As last reported in the Fall 2016 issue of The Climate Report, in March 2014, Murray Energy Corp. ("Murray Energy") and 11 of its subsidiaries sued EPA under the Clean Air Act ("CAA") citizen-suit provision (Section 304(a)(2)), alleging that EPA ignored its obligation to consider the consequences of CAA regulations on job losses and displacements in the coal industry. Murray Energy Corporation et al v. Administrator of EPA, No. 5:14-cv-00039 (N.D. W. Va.). Murray Energy alleged that EPA failed to comply with Section 321(a) of the CAA, which requires the EPA Administrator to "conduct continuing evaluations of potential loss or shifts of employment which may result from the administration or enforcement of the provision of [the CAA] and applicable implementation plans, including where appropriate, investigating threatened plant closures or reductions in employment allegedly resulting from such administration or enforcement."  

In May 2017, EPA moved for summary judgment. EPA argued that Section 321(a) does not set forth a nondiscretionary duty enforceable through the CAA citizen-suit provision, and so the court lacked jurisdiction. In response, Murray Energy contended that EPA's argument had been rejected twice previously in the suit. 

On October 17, 2016, the district court granted summary judgment in Murray Energy's favor. The court first held that Section 321(a) creates a nondiscretionary duty sufficient to give rise to Section 304(a)(2) jurisdiction, and that Murray Energy had standing to seek redress for its alleged injuries. The court also ruled in Murray Energy's favor on the merits, concluding that EPA had failed to satisfy its obligation under Section 321(a) to assess the actual, site-specific employment effects of CAA regulations.  

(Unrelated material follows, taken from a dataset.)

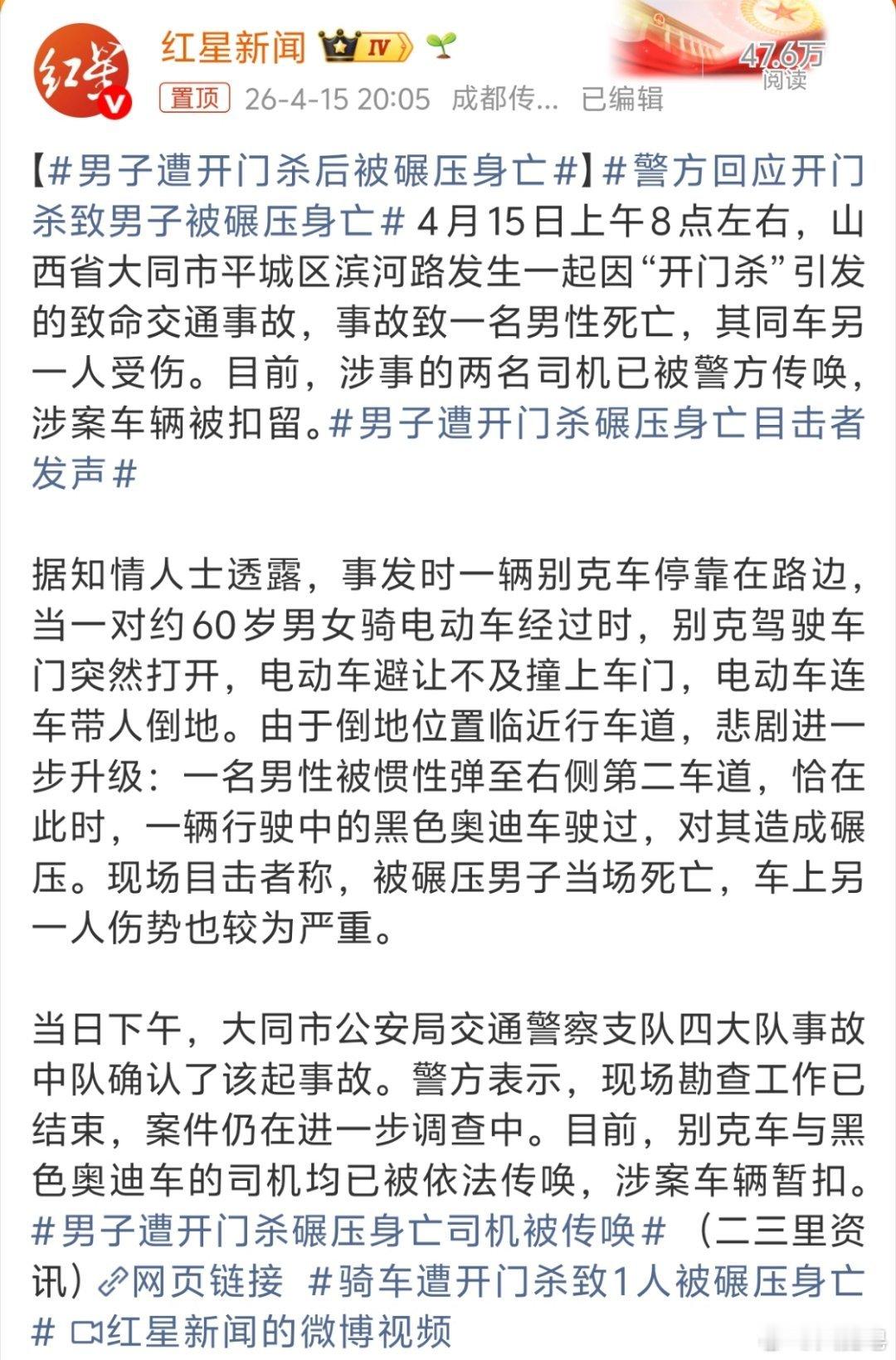 男子遭开门杀碾压身亡目击者发声 车都停到两边,非机动车没地方走,只能借道走到中间机动车道上。但是谁能想到突然间前车开门?谁又能想到右边突然间有辆车驶来。一切就是这么的巧……

EPA appealed the district court's decision to the United States Court of Appeals for the Fourth Circuit. Murray Energy Corp. et al v. Administrator of EPA, No. 16-2432. Following briefing and oral argument on May 9, 2017, the Fourth Circuit on June 29, 2017, held that the district court erred in adjudicating Murray Energy's suit under Section 304(a)(2). It thus vacated the district court's summary judgment order and remanded with instructions that the suit be dismissed for lack of jurisdiction. 

In its opinion, the Fourth Circuit first noted that Section 304(a)(2) has been construed narrowly to authorize citizen suits only for "the enforcement of legally required acts or duties of a specific and discrete nature that preclude[] broad agency discretion." Against this backdrop, the court concluded that Section 321(a) imposes on EPA a broad, open-ended statutory mandate—rather than a specific and discrete duty—and so it is not amenable to review under Section 304(a)(2). The court reasoned that EPA has considerable discretion in managing its Section 321(a) duty, because Section 321(a) calls for "evaluations" of potential employment impacts on a "continuing" basis rather than a discrete time period. EPA, according to the court, has discretion to decide how to collect employment impact data, how to judge and examine this data, and how to manage these tasks on an ongoing basis. The court juxtaposed the continuous, complex process of evaluating potential employment effects with other CAA provisions that contained "discrete directives accompanied by specific guidance on matters of content, procedure, and timing."